● **INSTRUCTIONS FOR THE TASK**: The data that follows must be transcribed in full and exactly, minus the pictures.

● **DATA FOR THIS EXERCISE**:
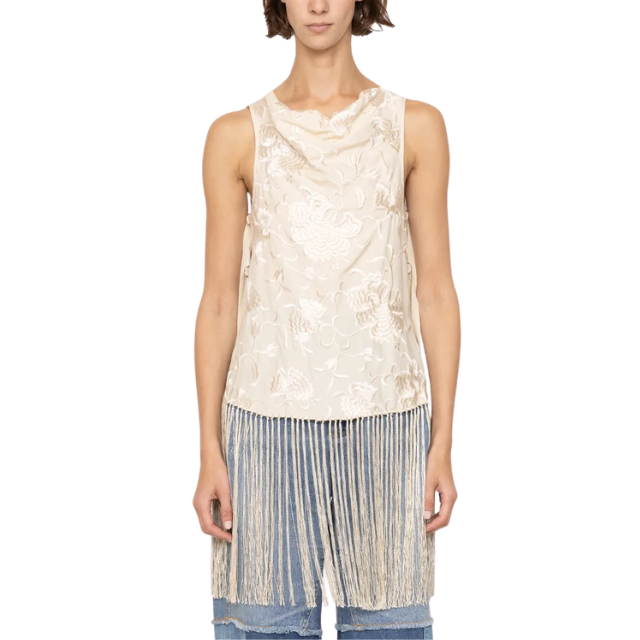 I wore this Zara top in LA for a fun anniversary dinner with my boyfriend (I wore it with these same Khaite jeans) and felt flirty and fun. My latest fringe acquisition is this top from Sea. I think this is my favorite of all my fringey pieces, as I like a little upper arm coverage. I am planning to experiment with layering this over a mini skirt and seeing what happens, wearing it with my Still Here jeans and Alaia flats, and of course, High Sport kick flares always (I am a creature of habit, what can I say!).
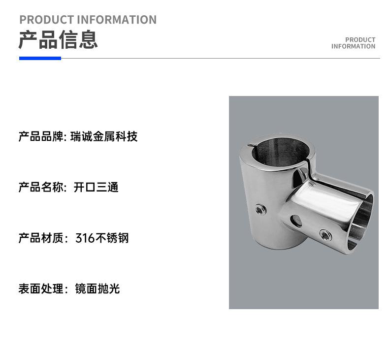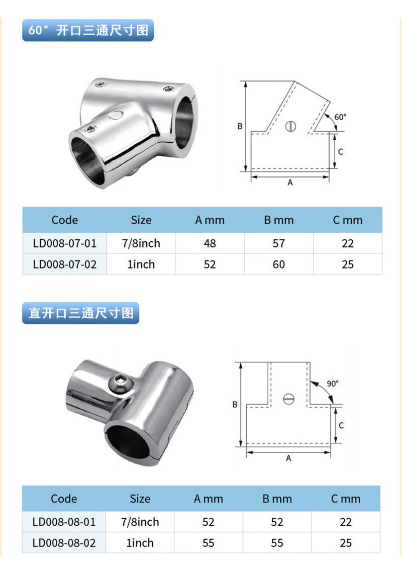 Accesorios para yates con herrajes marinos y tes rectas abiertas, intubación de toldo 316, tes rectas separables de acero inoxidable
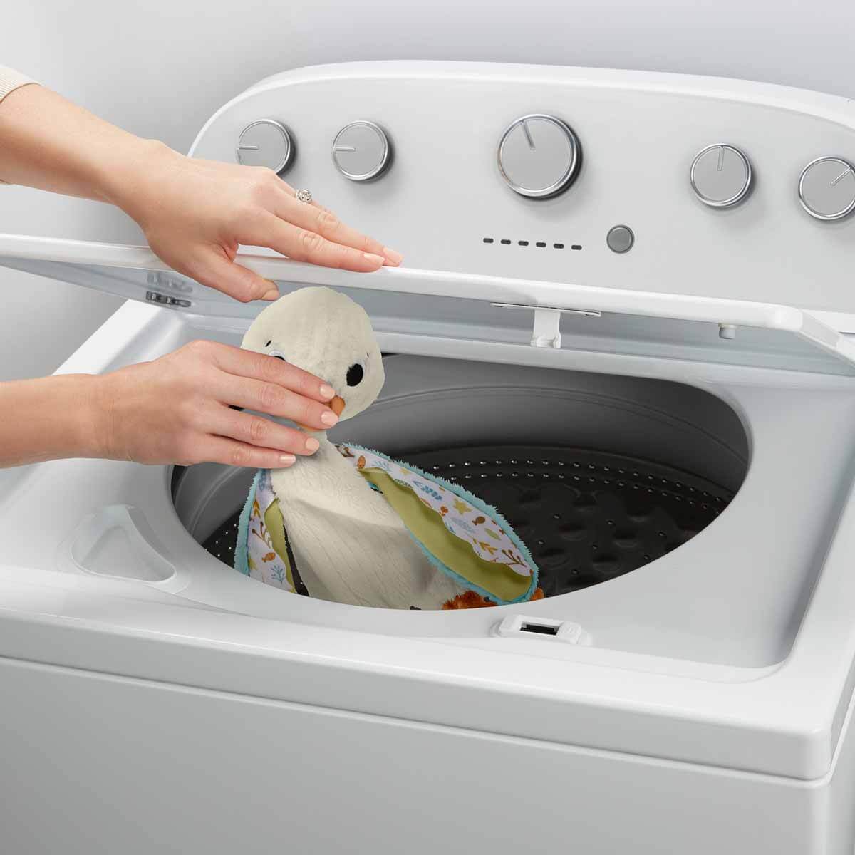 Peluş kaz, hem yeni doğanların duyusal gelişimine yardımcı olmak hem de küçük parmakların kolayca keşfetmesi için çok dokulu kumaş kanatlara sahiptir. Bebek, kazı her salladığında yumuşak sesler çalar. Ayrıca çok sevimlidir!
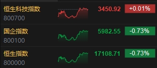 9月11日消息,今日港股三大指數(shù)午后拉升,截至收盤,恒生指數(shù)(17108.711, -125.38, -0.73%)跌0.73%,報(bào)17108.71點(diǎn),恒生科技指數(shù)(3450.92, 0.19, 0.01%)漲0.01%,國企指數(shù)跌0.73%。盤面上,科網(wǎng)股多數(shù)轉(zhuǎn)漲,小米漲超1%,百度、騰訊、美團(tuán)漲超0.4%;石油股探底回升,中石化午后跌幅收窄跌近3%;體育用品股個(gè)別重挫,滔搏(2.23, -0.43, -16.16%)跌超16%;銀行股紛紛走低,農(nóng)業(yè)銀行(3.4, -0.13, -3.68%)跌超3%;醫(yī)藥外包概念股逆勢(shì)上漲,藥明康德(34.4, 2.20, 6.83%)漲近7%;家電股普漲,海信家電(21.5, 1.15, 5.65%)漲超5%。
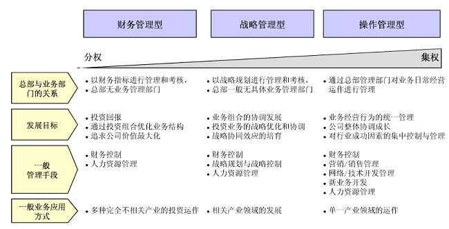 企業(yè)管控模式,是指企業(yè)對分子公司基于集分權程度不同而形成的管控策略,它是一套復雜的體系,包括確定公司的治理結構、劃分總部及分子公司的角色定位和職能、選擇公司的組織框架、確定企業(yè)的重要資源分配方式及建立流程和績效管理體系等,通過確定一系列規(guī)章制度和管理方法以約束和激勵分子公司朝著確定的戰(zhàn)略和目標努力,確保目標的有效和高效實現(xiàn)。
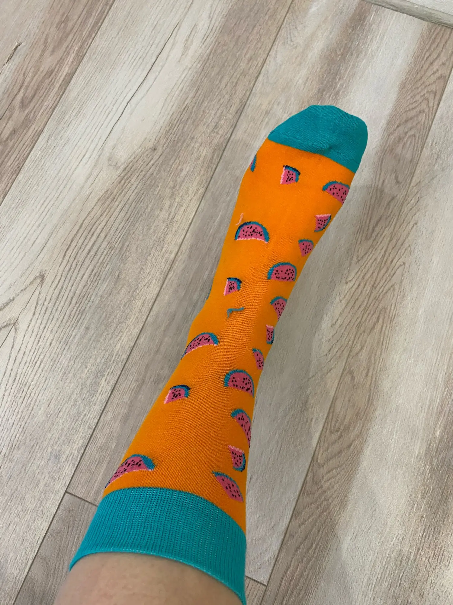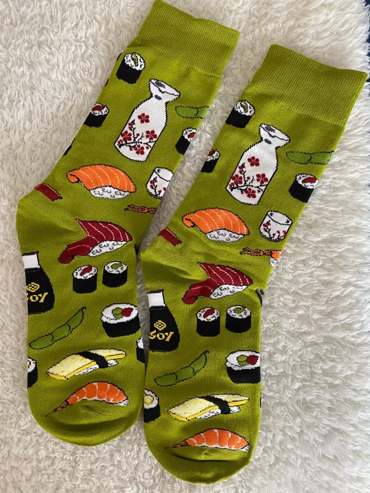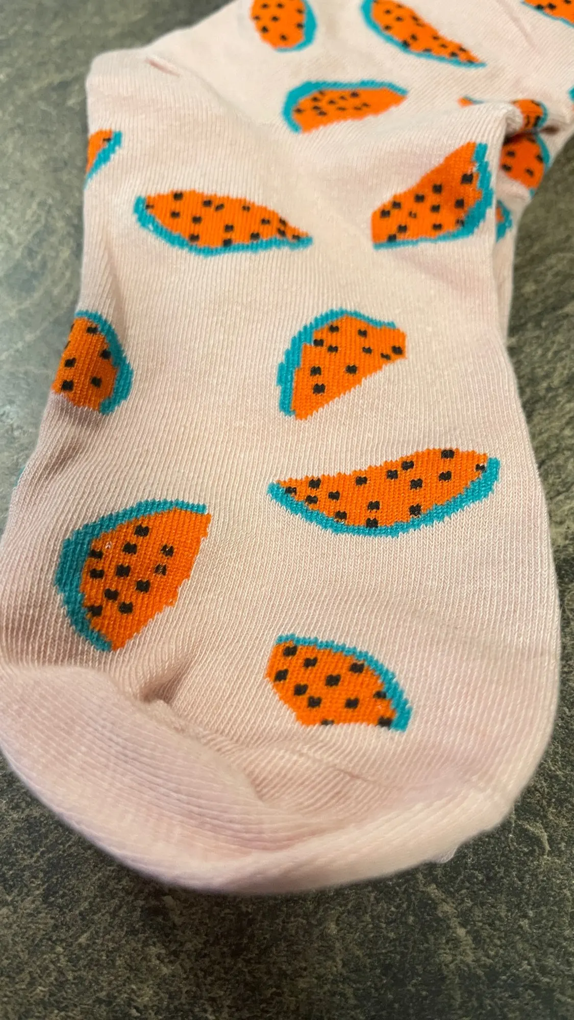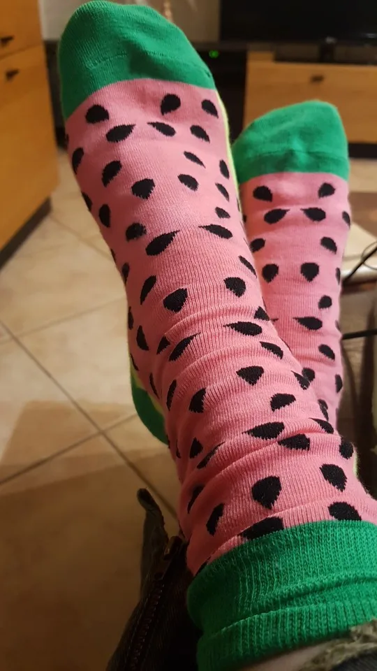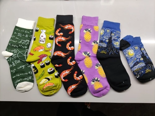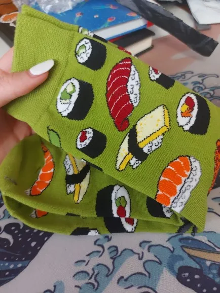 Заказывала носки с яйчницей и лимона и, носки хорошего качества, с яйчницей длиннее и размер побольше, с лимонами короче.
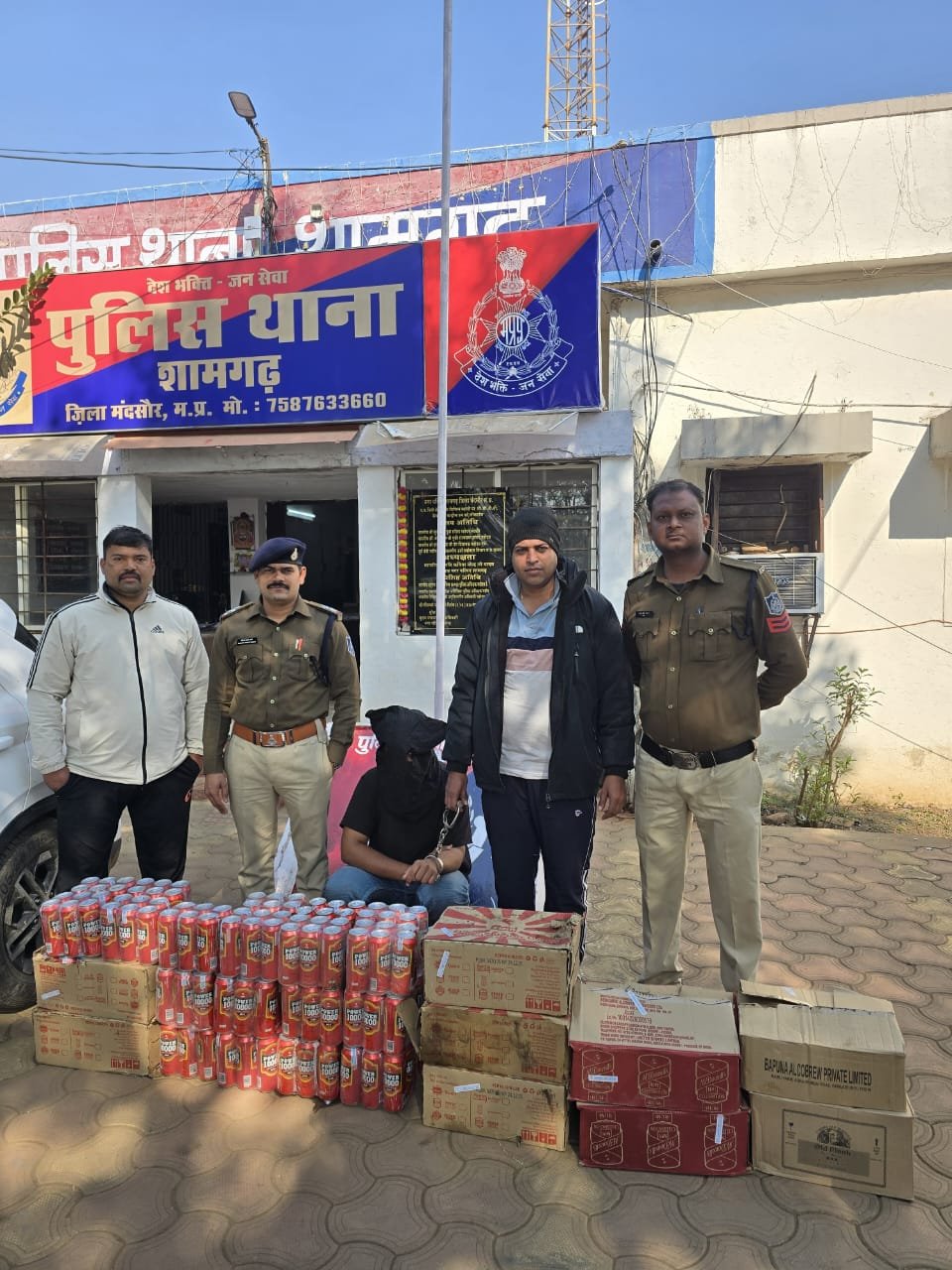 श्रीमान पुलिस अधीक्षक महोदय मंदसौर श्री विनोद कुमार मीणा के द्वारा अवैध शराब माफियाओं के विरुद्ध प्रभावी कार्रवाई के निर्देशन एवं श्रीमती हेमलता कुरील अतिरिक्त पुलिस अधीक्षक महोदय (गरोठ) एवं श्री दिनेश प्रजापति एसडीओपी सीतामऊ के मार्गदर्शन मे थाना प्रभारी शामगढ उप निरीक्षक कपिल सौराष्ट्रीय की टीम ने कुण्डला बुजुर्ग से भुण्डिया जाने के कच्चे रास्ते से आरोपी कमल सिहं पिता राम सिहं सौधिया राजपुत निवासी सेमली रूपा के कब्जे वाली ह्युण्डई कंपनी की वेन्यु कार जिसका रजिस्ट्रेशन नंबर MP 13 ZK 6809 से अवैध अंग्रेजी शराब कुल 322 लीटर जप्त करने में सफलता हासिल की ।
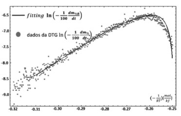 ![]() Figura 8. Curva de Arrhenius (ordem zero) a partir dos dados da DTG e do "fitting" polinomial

● **RESPONSE**:
 I wore this Zara top in LA for a fun anniversary dinner with my boyfriend (I wore it with these same Khaite jeans) and felt flirty and fun. My latest fringe acquisition is this top from Sea. I think this is my favorite of all my fringey pieces, as I like a little upper arm coverage. I am planning to experiment with layering this over a mini skirt and seeing what happens, wearing it with my Still Here jeans and Alaia flats, and of course, High Sport kick flares always (I am a creature of habit, what can I say!).
 Accesorios para yates con herrajes marinos y tes rectas abiertas, intubación de toldo 316, tes rectas separables de acero inoxidable
 Peluş kaz, hem yeni doğanların duyusal gelişimine yardımcı olmak hem de küçük parmakların kolayca keşfetmesi için çok dokulu kumaş kanatlara sahiptir. Bebek, kazı her salladığında yumuşak sesler çalar. Ayrıca çok sevimlidir!
 9月11日消息,今日港股三大指數(shù)午后拉升,截至收盤,恒生指數(shù)(17108.711, -125.38, -0.73%)跌0.73%,報(bào)17108.71點(diǎn),恒生科技指數(shù)(3450.92, 0.19, 0.01%)漲0.01%,國企指數(shù)跌0.73%。盤面上,科網(wǎng)股多數(shù)轉(zhuǎn)漲,小米漲超1%,百度、騰訊、美團(tuán)漲超0.4%;石油股探底回升,中石化午后跌幅收窄跌近3%;體育用品股個(gè)別重挫,滔搏(2.23, -0.43, -16.16%)跌超16%;銀行股紛紛走低,農(nóng)業(yè)銀行(3.4, -0.13, -3.68%)跌超3%;醫(yī)藥外包概念股逆勢(shì)上漲,藥明康德(34.4, 2.20, 6.83%)漲近7%;家電股普漲,海信家電(21.5, 1.15, 5.65%)漲超5%。
 企業(yè)管控模式,是指企業(yè)對分子公司基于集分權程度不同而形成的管控策略,它是一套復雜的體系,包括確定公司的治理結構、劃分總部及分子公司的角色定位和職能、選擇公司的組織框架、確定企業(yè)的重要資源分配方式及建立流程和績效管理體系等,通過確定一系列規(guī)章制度和管理方法以約束和激勵分子公司朝著確定的戰(zhàn)略和目標努力,確保目標的有效和高效實現(xiàn)。
 Заказывала носки с яйчницей и лимона и, носки хорошего качества, с яйчницей длиннее и размер побольше, с лимонами короче.
 श्रीमान पुलिस अधीक्षक महोदय मंदसौर श्री विनोद कुमार मीणा के द्वारा अवैध शराब माफियाओं के विरुद्ध प्रभावी कार्रवाई के निर्देशन एवं श्रीमती हेमलता कुरील अतिरिक्त पुलिस अधीक्षक महोदय (गरोठ) एवं श्री दिनेश प्रजापति एसडीओपी सीतामऊ के मार्गदर्शन मे थाना प्रभारी शामगढ उप निरीक्षक कपिल सौराष्ट्रीय की टीम ने कुण्डला बुजुर्ग से भुण्डिया जाने के कच्चे रास्ते से आरोपी कमल सिहं पिता राम सिहं सौधिया राजपुत निवासी सेमली रूपा के कब्जे वाली ह्युण्डई कंपनी की वेन्यु कार जिसका रजिस्ट्रेशन नंबर MP 13 ZK 6809 से अवैध अंग्रेजी शराब कुल 322 लीटर जप्त करने में सफलता हासिल की ।
 ![]() Figura 8. Curva de Arrhenius (ordem zero) a partir dos dados da DTG e do "fitting" polinomial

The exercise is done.